╭─ EXERCISE MATERIALS

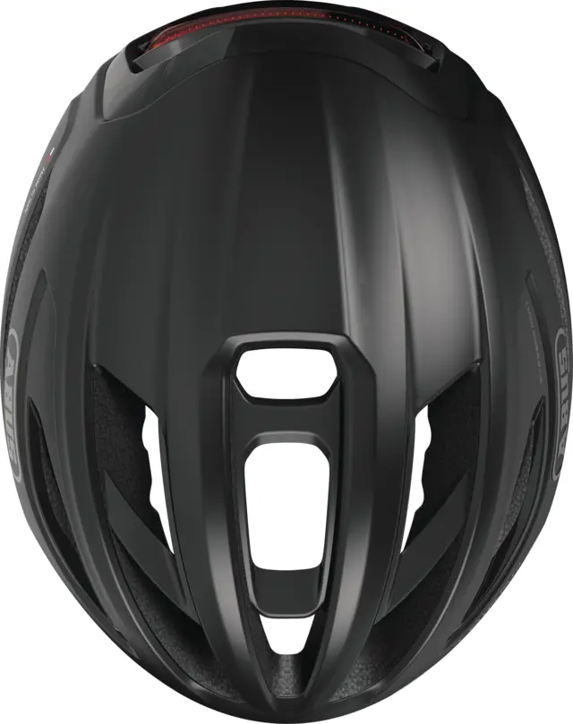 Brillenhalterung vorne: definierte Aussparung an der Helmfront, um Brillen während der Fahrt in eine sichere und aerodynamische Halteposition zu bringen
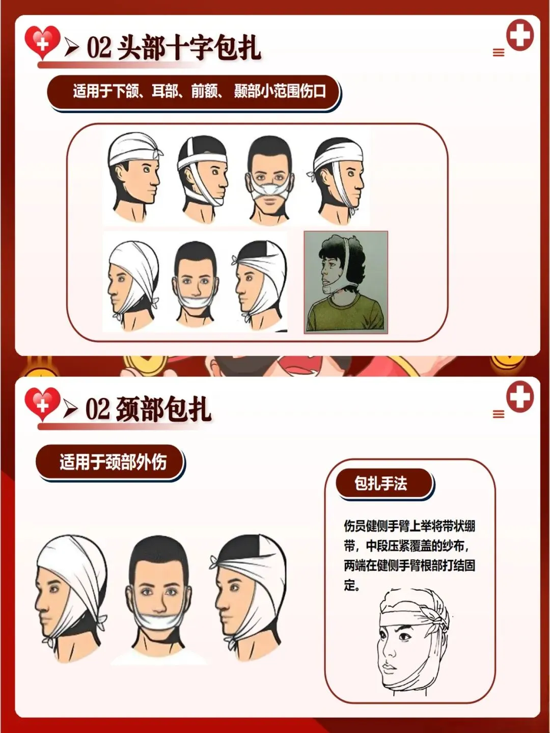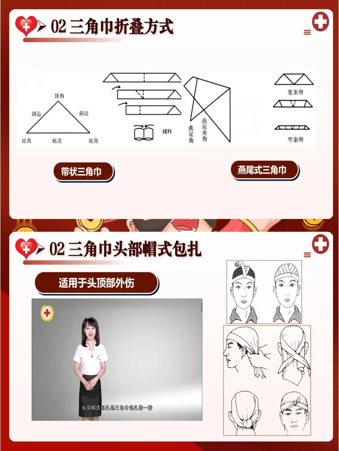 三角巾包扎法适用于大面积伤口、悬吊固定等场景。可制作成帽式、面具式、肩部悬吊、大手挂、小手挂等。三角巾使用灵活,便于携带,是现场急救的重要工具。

╰─
╭─ EXERCISE MATERIALS

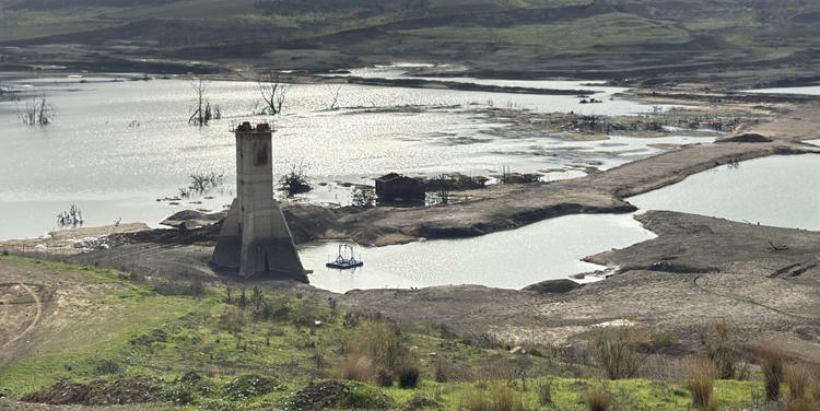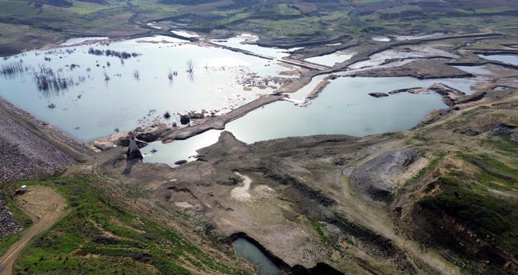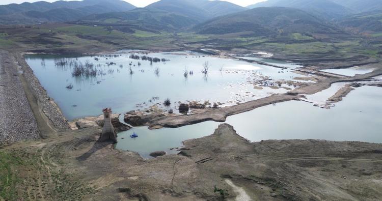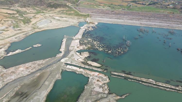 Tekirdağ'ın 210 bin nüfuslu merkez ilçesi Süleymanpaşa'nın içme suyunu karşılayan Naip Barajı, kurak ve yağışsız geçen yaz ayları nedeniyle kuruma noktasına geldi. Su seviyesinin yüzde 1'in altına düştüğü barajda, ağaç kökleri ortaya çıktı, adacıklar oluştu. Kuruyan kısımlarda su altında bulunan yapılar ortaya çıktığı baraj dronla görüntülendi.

╰─
╭─ EXERCISE MATERIALS

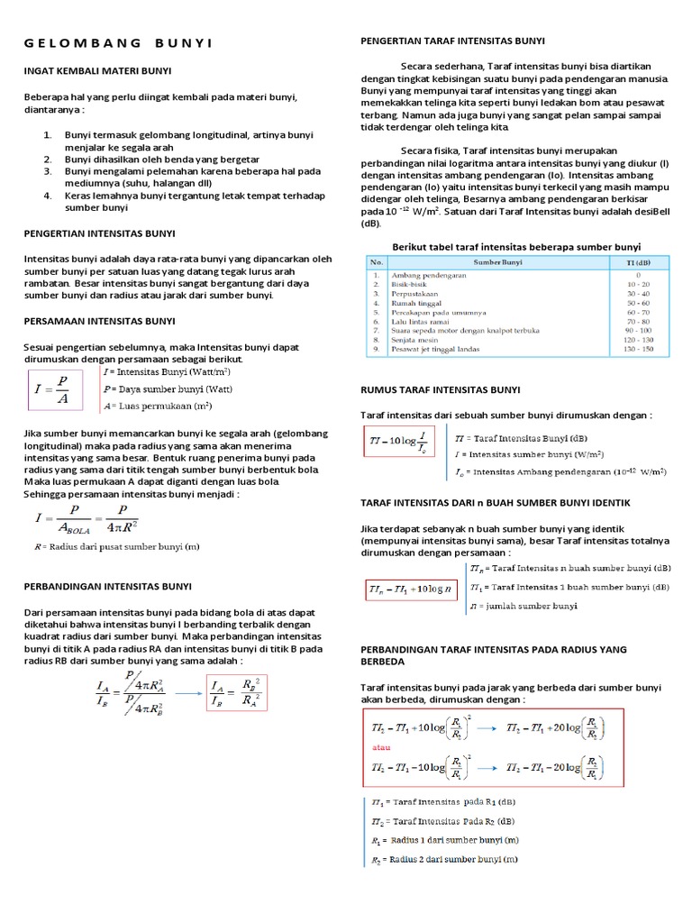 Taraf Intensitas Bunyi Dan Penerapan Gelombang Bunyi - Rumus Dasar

╰─

WORK ORDER:
In the listing above, the required lines run from the line with "Brillenhalterung vorne: definierte" through the line with "三角巾包扎法适用于大面积伤口". Output exactly those lines, omitting pictures.

RESULT BELOW:
 Brillenhalterung vorne: definierte Aussparung an der Helmfront, um Brillen während der Fahrt in eine sichere und aerodynamische Halteposition zu bringen
 三角巾包扎法适用于大面积伤口、悬吊固定等场景。可制作成帽式、面具式、肩部悬吊、大手挂、小手挂等。三角巾使用灵活,便于携带,是现场急救的重要工具。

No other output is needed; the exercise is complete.